Forward-looking statements relate to future events or future performance and reflect current expectations or beliefs regarding future events and include, but are not limited to, statements with respect to: the use of proceeds of the Rights Offering. Any statements that express or involve discussions with respect to predictions, expectations, beliefs, plans, projections, objectives, assumptions or future events or performance (often, but not always, using words or phrases such as “expects”, “anticipates”, “plans”, “projects”, “estimates”, “assumes”, “intends”, “strategy”, “goals”, “objectives”, “schedule” or variations thereof or stating that certain actions, events or results “may”, “could”, “would”, “might” or “will” be taken, occur or be achieved, or the negative of any of these terms and similar expressions) are not statements of historical fact and may be forward-looking statements.
Forward-looking statements are made based upon certain assumptions by the Company and other important factors that, if untrue, could cause the actual results, performances or achievements of Antioquia to be materially different from future results, performances or achievements expressed or implied by such statements. Such statements and information are based on numerous assumptions regarding present and future business prospects and strategies and the environment in which Antioquia will operate in the future, including the accuracy of any resource estimations, the price of gold, anticipated costs and Antioquia’s ability to achieve its goals, anticipated financial performance, regulatory developments, development plans, exploration, development and mining activities and commitments. Although management considers its assumptions on such matters to be reasonable based on information currently available to it, they may prove to be incorrect. Additional risks are described in the Company’s final prospectus dated April 19, 2018, Antioquia’s most recently filed Annual Information Form, annual and interim MD&A and other disclosure documents available under the Company’s profile at: www.sedar.com.

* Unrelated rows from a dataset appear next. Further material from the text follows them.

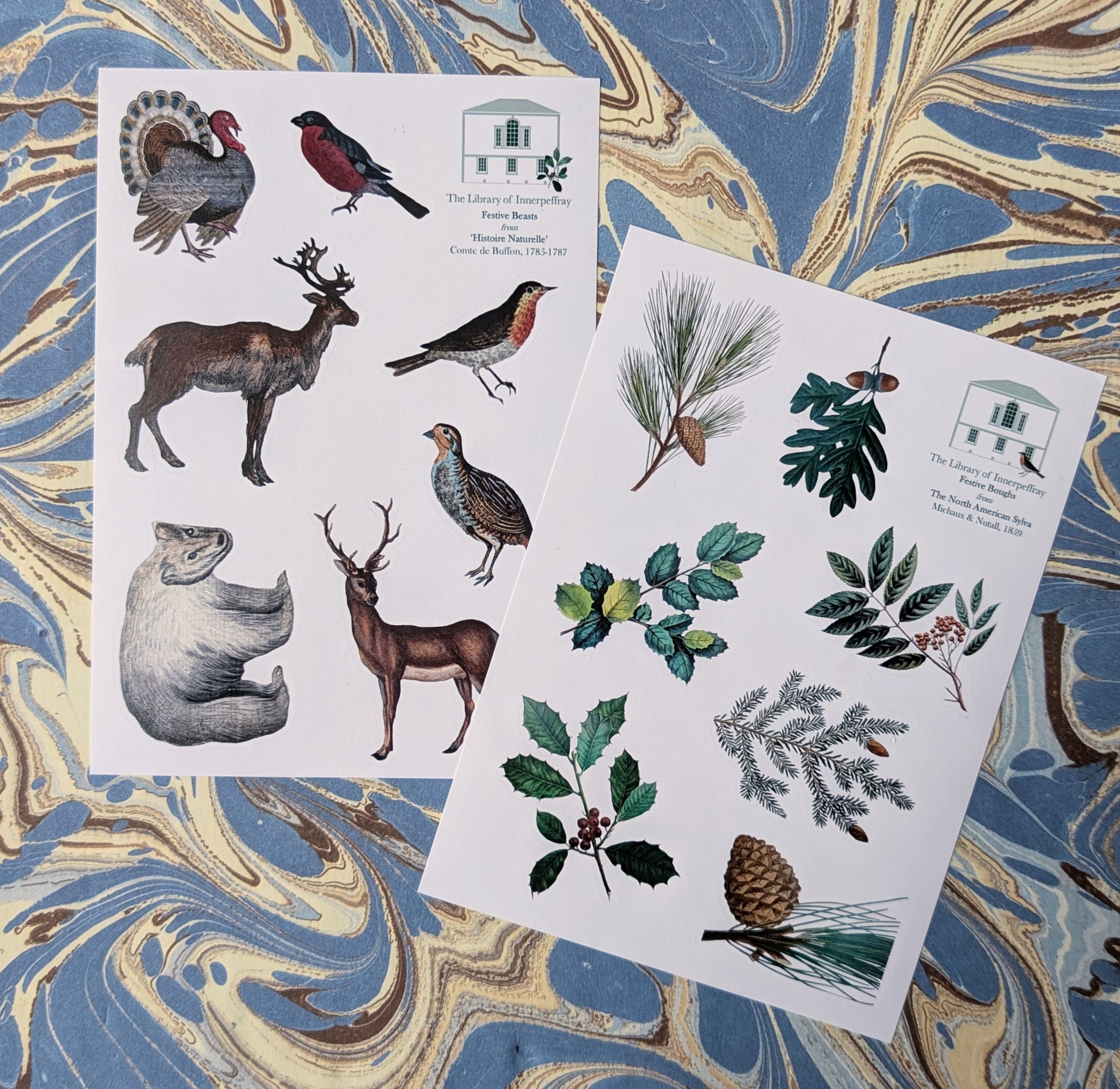 An A6 sheet of festive stickers – beautiful beasts from Buffon’s ‘Histoire Naturelle’ (1785-1787) or green boughs from the North American Sylva (Michaux & Nutall, 1859). Why not buy both, and spruce up your gift labels and Christmas cards?
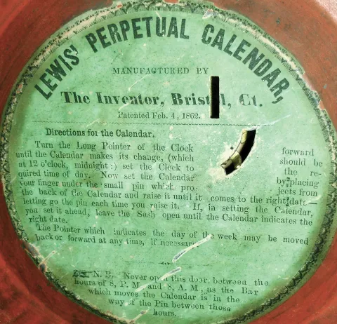 (1) Most of the case finish is gone. The top case molding is missing. The upper paper dial has darkened considerably. The columns on the upper portion of the case are loose. The B.B. Lewis calendar mechanism, dial and all hands are correct. The linkage from the time movement to the calendar mechanism needs to be restored. Ht 21 1/2Ó. (2) The case finish is worn fairly thin. The top case molding is missing. The upper paper dial has darkened considerably. The B.B. Lewis calendar mechanism, dial and all hands are correct. The linkage from the time movement to the calendar mechanism needs to be restored. Ht 21 1/2Ò.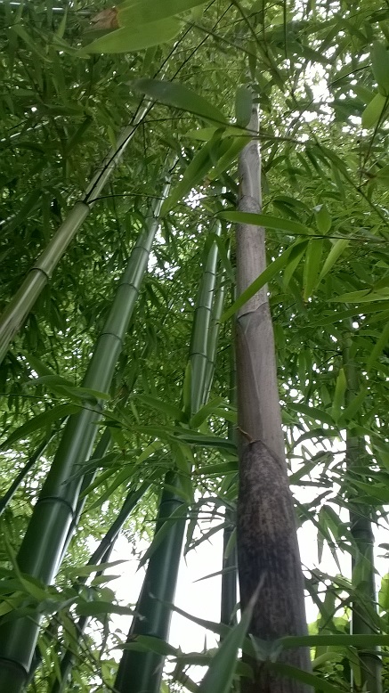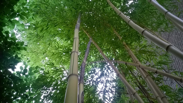 Het moet een overweldigende entree worden. Als je door de tuindeur binnen komt moet je rechts van je en boven je de manicata zien, daarna Phyllostachys aureosulcata aureocaulis (ook zo'n 5 a 7 meter hoog en over het pad hangend. En links dan een heuveltje op zijn plaats gehouden door een Ardenner Breuksteen muurtje en grote Musa's zodat je door een tunnel van groen loopt.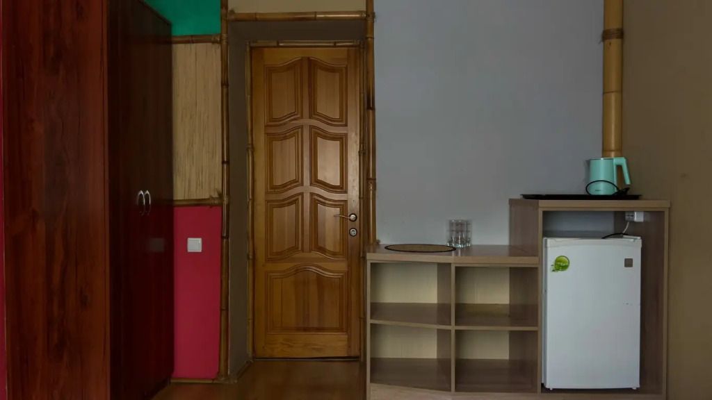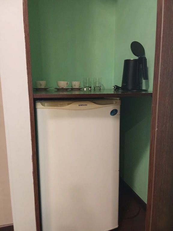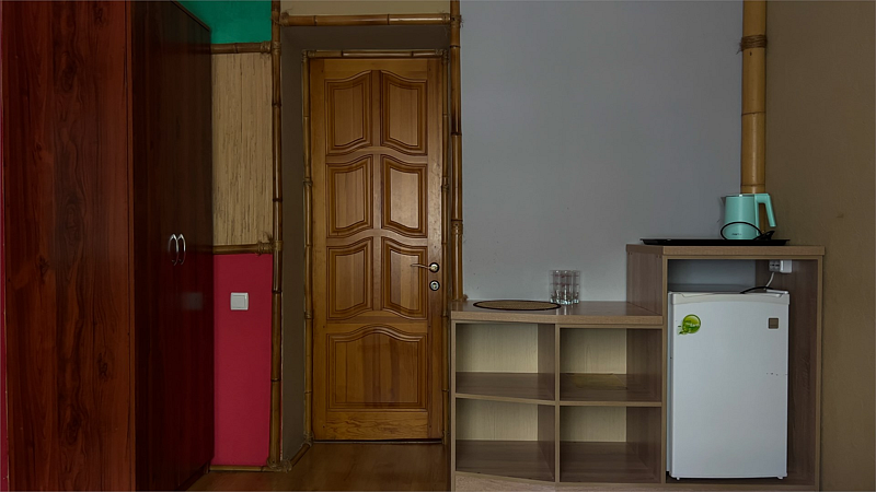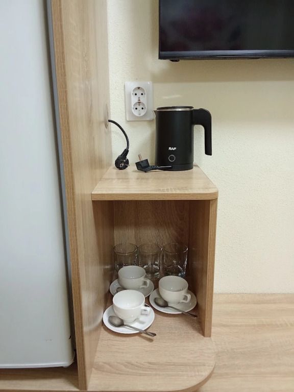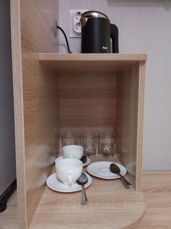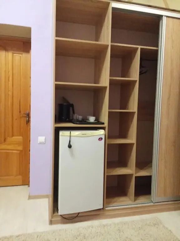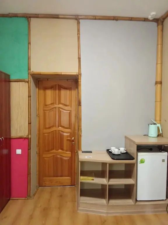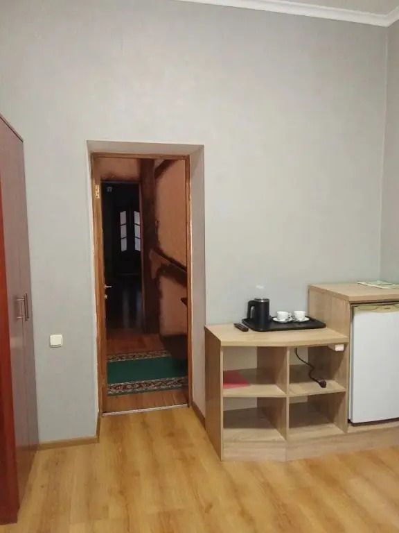 Межкомнатной двери нет. В номере двуспальная кровать, диван 140 см. Чайная комната — в холле на 2 этаже.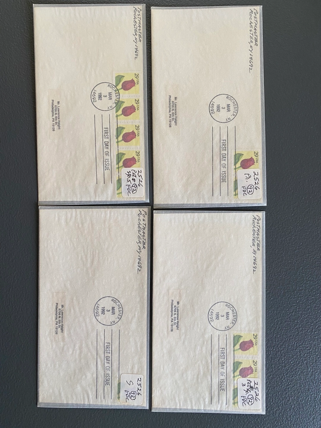 4 USA FDC with 4 diff number of Scott 2526 stamps #freecycle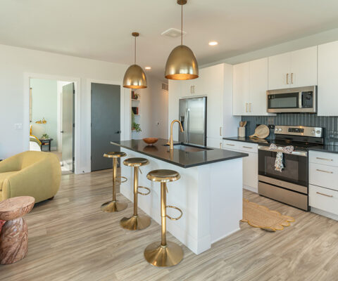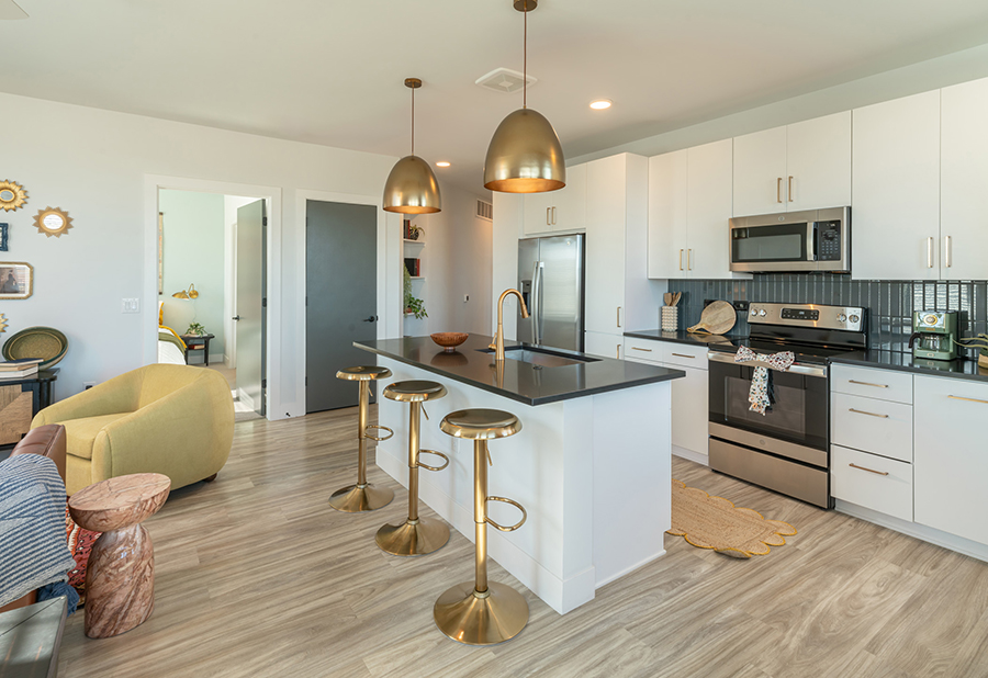 Units are offered in studio, one-, and two-bedroom layouts. The apartments boast black quartz countertops, modern white cabinetry, and stainless-steel Energy Star appliances in the kitchens, luxury vinyl-tile flooring in the common areas, and spacious carpeted bedrooms.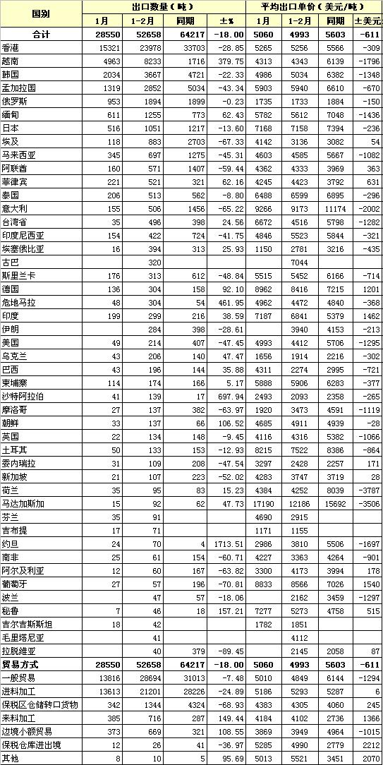 2012年2月我國棉紗線出口統(tǒng)計(jì)

By their very nature, forward-looking statements involve inherent risks and uncertainties, both general and specific, and risks exist that estimates, forecasts, projections and other forward-looking statements will not be achieved or that assumptions do not reflect future experience. We caution readers not to place undue reliance on these forward-looking statements as a number of important risk factors could cause the actual outcomes to differ materially from the beliefs, plans, objectives, expectations, anticipations, estimates, assumptions and intentions expressed in such forward-looking statements.
Readers should also be cautioned that the Company’s decision to move forward with the construction and production of the Cisnero Mine is not based on the results of any, pre-feasibility study or feasibility study of mineral resources demonstrating economic or technical viability. Readers are referred to the Company’s most recently filed technical report in respect of the Cisneros Project for details on independently verified mineral resources on the Cisneros Project. Since 2013, the Company has undertaken exploration and development activities; and after taking into consideration various factors, including but not limited to: the exploration and development results to date, technical information developed internally, the availability of funding, the low starting costs as estimated internally by the Company’s management, the Company is of the view that the establishment of mineral reserves and the commissioning of a pre-feasibility study or feasibility study at this stage is not necessary, and that the most responsible utilization of the Company’s resources is to proceed with the development and construction of the mine. Readers are cautioned that due to the lack of a pre-feasibility study or feasibility study, there is increased uncertainty and higher risk of economic and technical failure associated with the Company’s decision. In particular, there is additional risk that mineral grades will be lower than expected, the risk that construction or ongoing mining operations will be more difficult or more expensive than management expected. Production and economic variables may vary considerably, due to the absence of a detailed economic and technical analysis in accordance with NI 43-101. Project failure may materially adversely impact the Company’s future profitability, its ability to repay existing loans, and its overall ability to continue as a going concern.